Growth in the euro zone economy accelerated in the second quarter of the year, but the region’s prospects get hit as Russia continues to reduce gas supplies.
The 19-member bloc registered a gross domestic product rate of 0.7% in the second quarter, according to Eurostat, Europe’s statistics office, beating expectations of 0.2% growth. It comes after a GDP rate of 0.5% in the first quarter.
The numbers contrast sharply with the negative annualized readings out of the United States for both the first and second quarter, as the euro zone continues to benefit from the reopening of its economy after the pandemic.
However, a growing number of economists are expecting the euro zone to slide into a recession next year, with Nomura, for example, forecasting an annual contraction of 1.2% and Berenberg pointing to a 1% slowdown.
Even the European Commission, the executive arm of the EU, has admitted that a recession could be on the cards — and as early as this year if Russia completely cuts off the region’s gas supplies.
Officials in Europe have become increasingly concerned about the possibility of a shutdown of gas supplies, with European Commission President Ursula von der Leyen saying Russia is “blackmailing” the region. Russia has repeatedly denied it’s weaponizing its fossil fuel supplies.

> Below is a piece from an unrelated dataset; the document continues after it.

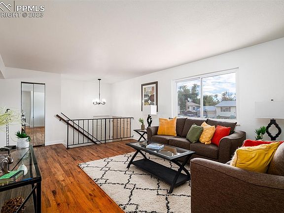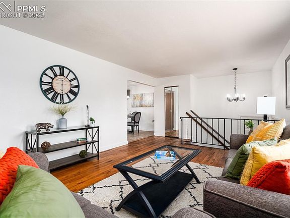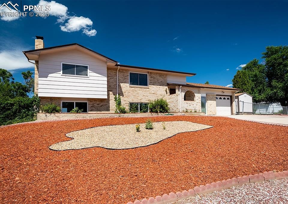 If you've been looking for a charming 4 bedroom, 3 bathroom split level home on a corner lot in Widefield, your search may be over. Upper level has beautiful hardwood floors that extend from the living room into both bedrooms; remodeled full bathroom; upgraded kitchen with granite countertops, stainless steel appliances, and ample cabinet space; dining area has a sliding glass door that leads you to the oversized covered deck in the backyard. The lower level has been recently carpeted; rec room has a grand fireplace and vintage dry bar; two more bedrooms and a bathroom complete the space. On the main level you'll find a unique flex space that is plumbed for a sink, has a half-bath, and is accessible through a sliding glass door on the front of the home. Perfect for home business, hairdresser, or even a gym. Brand NEW roof, central AC, garage with opener, Tuff Shed, large corner lot, and walking distance to King Elementary and just minutes to parks, shopping, and dining. Contact your real estate agent for more information and a private showing.

However, Gazprom, Russia’s majority state-owned energy giant, reduced gas supplies to Europe via the Nord Stream 1 pipeline to 20% of full capacity this week. Overall, 12 EU countries are already suffering from partial disruptions in gas supplies from Russia, and a handful of others have been completely shut off.
European Economics Commissioner Paolo Gentiloni said the latest growth figures were “good news.”
“Uncertainty remains high for the coming quarters: [we] need to maintain unity and be ready to respond to an evolving situation as necessary,” he said.
The GDP readings come at a time of record inflation in the euro zone. The European Central Bank hiked interest rates for the first time in 11 years earlier this month — and more aggressively than expected — in an effort to bring down consumer prices.
However, the region’s soaring inflation is being driven by the energy crisis, meaning further cuts of Russian gas supplies could push up prices even more.
“Given the challenging geopolitical and macroeconomic factors that have been at play over the past few months, it’s positive to see the eurozone experience growth, and at a higher rate than last quarter,” Rachel Barton, Europe strategy lead for Accenture, said in an email.
“However, it’s clear that persistent supply chain disruption, rising energy prices and record-breaking levels of inflation will have a longer-term impact.”
Meanwhile, Andrew Kenningham, chief Europe economist at Capital Economics, said Friday’s GDP figure would mark “by far the best quarterly growth rate for a while.”
“Indeed, news that inflation was once again even higher than anticipated only underlines that the economy is heading for a very difficult period. We expect a recession to begin later this year,” he added.